Study to Evaluate the Effect of GWP42003 on Liver Fat Levels in Participants With Fatty Liver Disease

Inclusion Criteria

• Participant gave informed consent for participation in the study.
• Participant was aged 18 years or above.
• Participant had documented evidence of liver fat content ≥5% as measured by MRI/MRS scanning or a biopsy within two months prior to screening, or willing to undergo an MRI/MRS scan at Visit 1 (Day -10 to -2) to confirm a liver fat content of ≥5%.
• Participant had, in the opinion of the investigator, no changes in levels of exercise or diet for four weeks (as assessed by the physical activity questionnaire and food frequency questionnaire) prior to the start of treatment, and participant agreed to keep stable for the duration of the study.
• Participant was able (in the investigator's opinion) and willing to comply with all study requirements.
• Participant was willing for his or her name to be notified to the responsible authorities for participation in this study, as applicable.
• Participant was willing to allow his or her primary care practitioner and consultant, if appropriate, to be notified of participation in the study.

Exclusion Criteria

• Participant had clinical diagnosis or treatment for Type I/II diabetes.
• Participant had received an unapproved investigational medicinal product (IMP) within the 30 days prior to the screening visit.
• Participant was receiving a prohibited medication and unwilling to stop for 14 days prior to the screening visit and for the duration of the study.
• Participant was using or had used recreational cannabis, medicinal cannabis, or cannabinoid medications (including Sativex) within one month prior to study entry and unwilling to abstain for the duration of the study.
• Participant had any known or suspected history of alcohol or substance abuse, or epilepsy or recurrent seizures.

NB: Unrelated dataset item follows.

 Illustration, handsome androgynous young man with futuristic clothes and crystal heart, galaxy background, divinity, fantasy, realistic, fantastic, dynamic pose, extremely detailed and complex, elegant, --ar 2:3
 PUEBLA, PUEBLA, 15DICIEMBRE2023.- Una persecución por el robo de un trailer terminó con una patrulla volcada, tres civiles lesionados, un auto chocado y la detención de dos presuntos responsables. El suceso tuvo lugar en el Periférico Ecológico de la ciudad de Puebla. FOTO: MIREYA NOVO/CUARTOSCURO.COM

• Participant had any known or suspected history of major depression sufficient to require treatment or disrupt ordinary life (excluding episodes of reactive depression, in the opinion of the investigator).

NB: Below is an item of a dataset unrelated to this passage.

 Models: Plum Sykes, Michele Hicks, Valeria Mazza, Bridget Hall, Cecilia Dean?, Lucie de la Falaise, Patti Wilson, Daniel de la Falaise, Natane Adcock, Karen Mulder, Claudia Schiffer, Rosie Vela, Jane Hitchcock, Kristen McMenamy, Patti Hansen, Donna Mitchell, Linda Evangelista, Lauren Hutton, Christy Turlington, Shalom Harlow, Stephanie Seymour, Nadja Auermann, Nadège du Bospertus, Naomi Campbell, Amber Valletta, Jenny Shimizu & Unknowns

• Participant had clinically significant cardiac, renal, or hepatic impairment, in the opinion of the investigator.
• Participant had known history of Hepatitis B or C.
• Participant had genetic dyslipidaemia, in the opinion of the Investigator.

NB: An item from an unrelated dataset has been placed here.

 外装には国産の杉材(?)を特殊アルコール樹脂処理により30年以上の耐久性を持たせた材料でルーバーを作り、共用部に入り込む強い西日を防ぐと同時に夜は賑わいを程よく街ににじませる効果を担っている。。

• Participant had any other significant disease or disorder which, in the opinion of the investigator, may either put the participant at risk because of participation in the study, influence the result of the study, or affect the participant's ability to participate in the study.
• Participant had any known or suspected hypersensitivity to cannabinoids or any of the excipients of the IMP(s).
• Participant had presence of any metal implants.
• Participant had any known or suspected history of claustrophobia.
• Female participants of child bearing potential not able or willing to use effective contraception for the duration of the study and for three months thereafter, or male participants whose partner was of child bearing potential, who was not willing to ensure that they or their partner would use effective contraception during the study and for three months thereafter.
• Female participant who was pregnant, lactating or planning pregnancy during the course of the study and for three months thereafter.
• Participants who weighed >150 kilograms (kg).
• Participant had any abnormalities following a physical examination that, in the opinion of the investigator, prevented the participant from safe participation in the study.
• Participant was unwilling to abstain from donation of blood during the study.
• Participant had planned travel outside the country of residence during the study.
• Participant had previously enrolled into this study.